The complete set of command line arguments to lmgw.sh is documented here.

#### lmsig

lmsig supersedes most of the functions performed by hx0fp0, hx0fp0_sc, hsfp0 and hsfp0_sc in the classic implementation. (An improved version of hsfp0_sc is still retained for the sole purpose of core exchange.) lmsig can calculate both the quasiparticled $\Sigma^0(q)$ for the QSGW cycle, and the dynamical $\Sigma(q,\omega)$ when the fully interacting Green’s function is sought. By default it generates $\Sigma^0(q)$ without writing W, but it will write W and exit if lmsig is launched with the --wrw switch.

##### Process mapping

lmsig is parallelized extensively with MPI, OMP and CUDA, and it can run efficiently on very large number of nodes. When optimum performance is needed, it is strongly advised to construct a pqmap file.
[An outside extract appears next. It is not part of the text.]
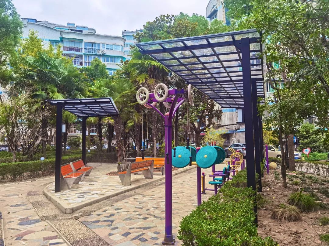 去年秋末冬初,嘉興路街道在飄鷹花苑小區花園實施了微更新。原先的石凳冷冷清清,照明幽暗老舊,現在,不僅增加了長凳,還根據居民意愿,在休息區域和健身區域設置了透明頂棚,加裝了照明燈?;▓@變得更加舒適、安全、整潔。

This file tells lmsig how to organize the possible qk combinations it must construct in an optimal manner, as explained here. With pqmap, lmsig can keep RAM consumption low by only handling a single q at a time. lmsig can often run more efficiently too, depending on the symmetry the system has. Constructing pqmap is a tedious process, and it can be very difficult to do it well except when there is no symmetry. lmfgwd has a special mode that makes pqmap, as well as some representative MPI flags for the various executables noted in the previous section See this page for documentation.

##### CUDA

There are no special flags necessary to use GPUs, though you must compile Questaal with it enabled. If no cards are found on a node or if none of the cards are compatible with the minimal compute capability set at build time with the cuda=XX flag then only the CPUs will be used.

The CUDA environment variable CUDA_VISIBLE_DEVICES can be used to reorder or selectively disable cards, other env vars described on this page may also be useful.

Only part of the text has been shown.